By contributor Brady Tighe
Vinyl is becoming increasingly expensive because of its booming popularity. While it is awesome that everyone is now buying turntables and saving the greatest listening format of all time from obscurity, it is awful for my bank account. It is also not good for my sanity to see shitty old albums from previous decades re-released and re-mastered, with a sticker mentioning how “indispensable” or “essential” said records are. The other day, I saw a remastered copy of Face Value by Phil Collins for $37—a sign of the goddamn end times if there ever was one.
In these times of shiny new vinyl, I find that it helps to remind everyone of the complete and utter joys that come from plumbing the discount bins of your favourite records stores for the old and used stuff that has been abandoned to the ether of time. Among these old records (that reek of bong water and mothballs) can be found the greatest of hidden gems, and the worst embarrassments to the concept of pleasing sound. You’ll see awful tacky covers featuring all kinds of awful chest hair, and if you dig deep enough, you’ll find glorious albums that most likely never made it to CD—a true vinyl treasure, typically priced for less than $5.
In tribute to this searching spirit I recently went to my local record store and grabbed a few albums out of the discount bins to review.
1. Live Peace in Toronto 1969 by Plastic Ono Band
Released 1969, paid $2.99
A band of three famous heroin addicts and two nobodies formed for one gig in Toronto in 1969. The part of the band that matters was made up of ex-Beatle and lousy human John Lennon, his musical equivalent of a howler monkey wife Yoko Ono, and famous racist, soft-rock icon Eric Clapton.
Side one of this record is the band jamming through the only covers they all happened to know how to play, a Beatles tune that’s basically a blues jam, and a virtually screamed version of the hippie-wet-dream of a song “Give Peace a Chance.” It’s listenable, even enjoyable, simply because the talent playing the songs is some of the best to ever grace rock ‘n’ roll (even if they were all dumpster fires of decency).
However, side two is where this record really shines as a conversation piece. It opens with a warning from Lennon that, “Yoko is going to do her thing all over you,” and that is exactly what she does for over 20 minutes of screeching one-word vocals over a wall of guitar feedback. If you want your neighbours to kill you, play this side of the record. Another use for this side of the album would be if you needed to end a house party and want everyone to leave as quickly as possible.

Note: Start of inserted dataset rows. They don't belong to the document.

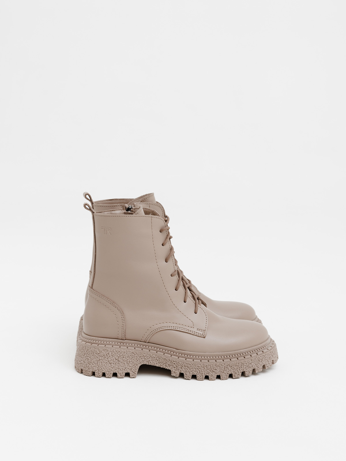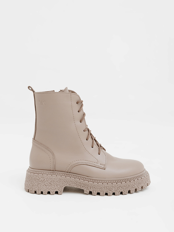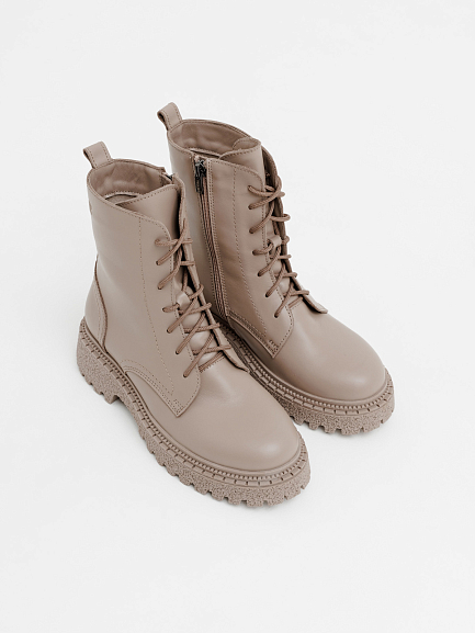 Массивная подошва придаёт образу современное звучание и визуально делает ноги стройнее, а сочетание шнуровки и боковой молнии обеспечивает удобство и надёжную фиксацию.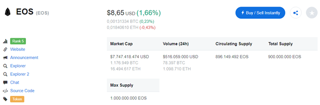 EOS is a cryptocurrency in the Top 10 electronic currency (Coinmarketcap). The EOS technology is a blockchain capable of scaling up to millions of transactions per second, eliminating user fees and allowing for fast and easy deployment of hierarchies.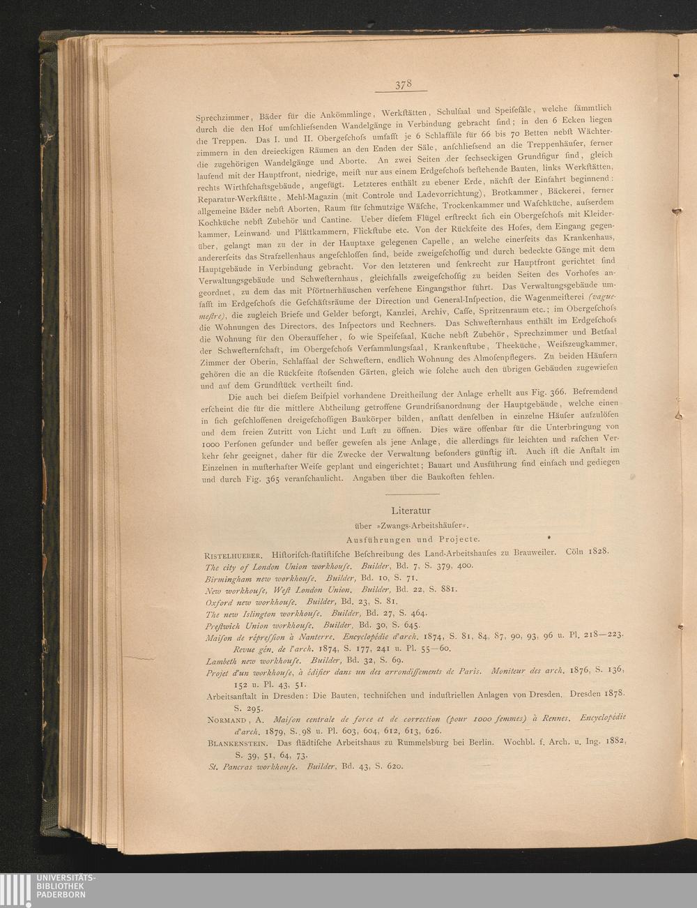 Literatur über "Zwangs-Arbeitshäuser" (Ausführungen und Projecte).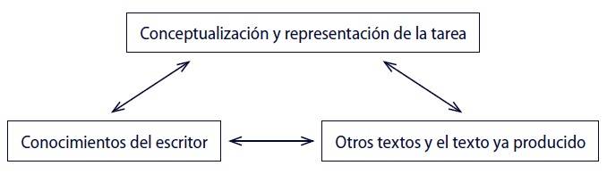 A partir de otros trabajos de investigación sobre los procesos de escritura —Flower (1979), Bereiter y Scardamalia (1987) y Camps, Milian, Pérez, Ribas y Castelló (2001, citados en Castelló 2007)— y sobre la escritura académica (Castelló, 2000), Castelló (2007) distingue tres variables implicadas en la composición de textos académicos: la representación de la tarea, el conocimiento previo del escritor y las exigencias del texto y de otros textos escritos anteriormente (Figura 1). Éstas actúan de forma simultánea durante la producción textual. Las relaciones que establece el sujeto entre ellas y la posibilidad de concientizarse de su influencia determinan el proceso de escritura y definen el texto que obtenemos como producto final.

2. Not Fragile by Bachman Turner Overdrive
Released 1974, paid $1.99
This is an album worth listening to for the scorching, balls-out title track. It is also an album worth throwing into the street, lighting on fire, breaking in half, or just plain screaming at until your vocal chords bleed, for being guilty of containing the song “Ain’t Seen Nothing Yet,” which has tainted radio for long enough to practically be a crime again the human race.
3. Breakaway by Kris and Rita
Released 1974, paid $0.99
Want to be a third wheel to Kris Kristofferson and his wife Rita Coolidge crooning their way through a bunch of bullshit country songs? Me neither. However, the album was worth buying for the photos on the sleeve of Coolidge looking unsympathetically at what is clearly a bombed-out-of-his-mind Kristofferson.
Also, Kristofferson has way better duet albums, like all the ones he made with his life’s true loves: whiskey, dirt weed, peyote, and cigarettes.
4. Welcome to the Pleasure Dome by Frankie Goes To Hollywood
Released 1984, paid $1.99
A complete joy of cocaine-fueled ‘80s electro-pop. An example of an album so over-produced that literally none of the musicians in the band, sans the vocalist, actually appear on the album. Also, how glorious is that title? Every song on this double album is a danceable epic, and proof that new wave was capable of its own Blonde on Blonde.
In addition, it features the most unlikely cover of “Born to Run” to ever exist.
5. Catholic Boy by The Jim Carroll Band
Released 1980, paid $1.99
Jim Carroll is a great poet, and his novel The Basketball Diaries should be required reading for anyone interested in New York’s twisted junkie culture (a seemingly endless well of material in itself).
His music career, however, doesn’t get nearly as much attention, and it really should, as Carroll and his band are a pretty incendiary (and incredibly listenable) punk group. Each one of these songs benefits from Carroll’s skill with words, and one might feel compelled to check under their fingernails for grime after each listen.
Also, the song “People Who Died” is a masterwork.